We can all laugh at how a misplaced comma can change a lovable herbivorous bear to a hit and run killer:
A panda is an animal that eats, shoots and leaves.
but for the patentee on the wrong side of the European Patent Office (EPO) Board of Appeal decision T 1473/19, it was no laughing matter when the lack of a comma shot down their patent.
Background of the case
A patent was granted for a joint for a CT scanner comprising a rotary joint body. At the grant stage, the EPO Examining Division proposed an amendment to the claims that supposedly inserted the feature that the rotary joint body has a free inner bore, while retaining the requirement that the rotary joint body holds the capacitive data link. However, the claim amendment proposed by the EPO was:
“said body having a free inner bore holding a capacitive data link”.
In post-grant opposition proceedings, an Opponent and the Patentee differed on how the amended claim should be interpreted.
The Opponent submitted that the skilled person would have understood from the amended expression in the claim that the body has a free inner bore and that this bore holds a capacitive data link – ‘interpretation (a)’. The Opponent objected that the amendment introduced subject-matter extending beyond that of the application as filed because the original application did not disclose this configuration.
In contrast, the Patentee argued that the claim as amended was ambiguous and could also mean that the body has a free inner bore and, additionally, the body holds a capacitive data link – ‘interpretation (b)’. The Patentee argued that faced with this ambiguity, the skilled person would turn to the description and drawings to resolve whether interpretation (a) or (b) was correct. As the description only disclosed the body holding the capacitive data link, interpretation (b) was correct.

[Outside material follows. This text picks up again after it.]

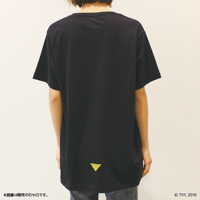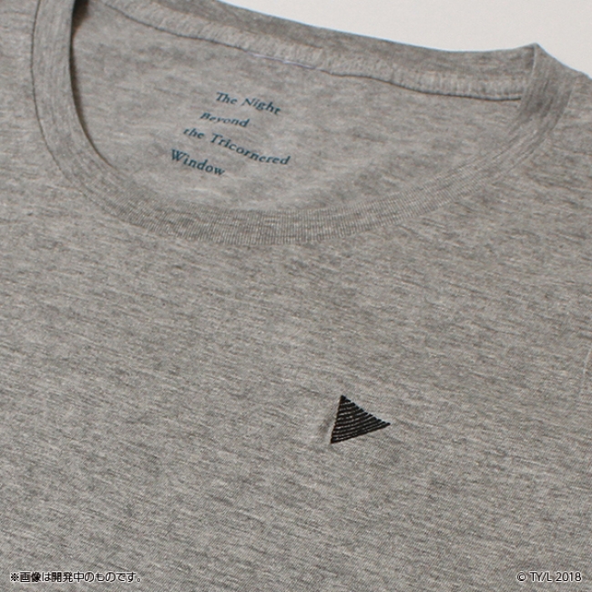 三角(みかど)が冷川にかけられた“束縛”のマーキングをデザインした、シンプルなTシャツです。左胸には三角形の刺繍を施し、三角(みかど)の腰にある三角形のアザを模した柄を、背面にプリント。目をひく配色で仕上げました。普段使いしやすいグレーとネイビーの2種類を用意しています。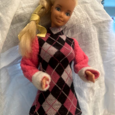Trolig fra 70-tallet. Myk kropp med fint mønster og ansikt i plast. Den ser hel ut og uten store skader, men vil forekomme noen bruksmerker.

The Opposition Division sided with the Patentee, that is that the skilled person would consider interpretation (b) to be the correct interpretation in the context of the description. Consequently, the Opposition Division held that the amendment did not add matter over the original disclosure.
The Findings of the Board of Appeal
When interpreting the claim, the Boad considered that: “In the absence of any comma and any coordinating conjunction separating the various terms, the person skilled in the art, on a plain reading of this expression, would simply consider the subject governing each present participle [“having, “holding”] to be the noun group ["said body", "a free inner bore", "a capacitive data link"] immediately preceding it, following the usual rule that modifiers are generally placed next to the word they modify. In this way, the person skilled in the art would arrive at the construction that the body has a free inner bore and that this bore holds a capacitive data link”. Thus, the Board held that interpretation (a) is the plain meaning of the claim as granted.

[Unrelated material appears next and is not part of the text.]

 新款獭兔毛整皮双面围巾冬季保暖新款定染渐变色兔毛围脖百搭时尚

The Board affirmed that the description and drawings should be taken into account when interpreting the claims, but stressed that the description does not have the same weight as the claims. The Board went on to consider whether in the light of the description the skilled person would nevertheless adopt interpretation (b). In this case, while the description and drawings do not disclose the inner bore holding the capacitive data link, neither do they preclude interpretation (a), for example, by suggesting that having the inner bore hold the capacitive data link is technically nonsensical or incompatible with the invention. Thus, the ordinary meaning of the claims takes primacy.

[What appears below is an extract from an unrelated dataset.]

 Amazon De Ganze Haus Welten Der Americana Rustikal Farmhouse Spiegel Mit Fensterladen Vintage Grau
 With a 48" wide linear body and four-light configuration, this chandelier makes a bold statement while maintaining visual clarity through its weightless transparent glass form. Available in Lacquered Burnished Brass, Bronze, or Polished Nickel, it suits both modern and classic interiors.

Furthermore, the Board affirmed there is no principal that the claims must be interpreted in a manner which avoids them extending to subject matter not disclosed in the application as originally filed.
As the claims are directed to a rotary joint body where it is the inner bore that holds the capacitive data link, and that subject matter was not disclosed in the application as filed, the patent should be revoked.
No way back
The Patentee presented various options to remedy the situation, such as inserting commas in the claim:
“said body, having a free inner bore, holding a capacitive data link”.
However, the Board considered such revisions extend the scope of protection to subject matter not previously covered by the granted claims, i.e. a joint where it is the body that holds the capacitive data link as opposed to the free inner bore. Such an extension of protection after grant is not permitted by the EPO and is thus an impermissible amendment post-grant.
The Board also rejected attempts by the Patentee to correct the wording of the claims, sticking to the established case law that forbids corrections to the text of a patent specification once granted.
For the Patentee this was an inescapable trap – while the wording of the claim was found to extend beyond the disclosure of the original application; changing the wording to something that was disclosed was no longer possible. Thus, the patent was revoked.
This decision shows that the strict approach of the EPO can lead to the loss of a patent for seemingly minor lapses in grammar. It is crucial that claim amendments made in prosecution not only find clear basis in the application as filed, but have the intended meaning.
It also highlights the importance of carefully and critically reviewing any amendments proposed by the EPO. The response to the Notice of Allowance (Communication under Rule 71(3) EPC) is the final opportunity to make changes to the specification and thoroughly reviewing the specification proposed for grant, especially any revisions proposed by the EPO Examining Division, is a vital and necessary step.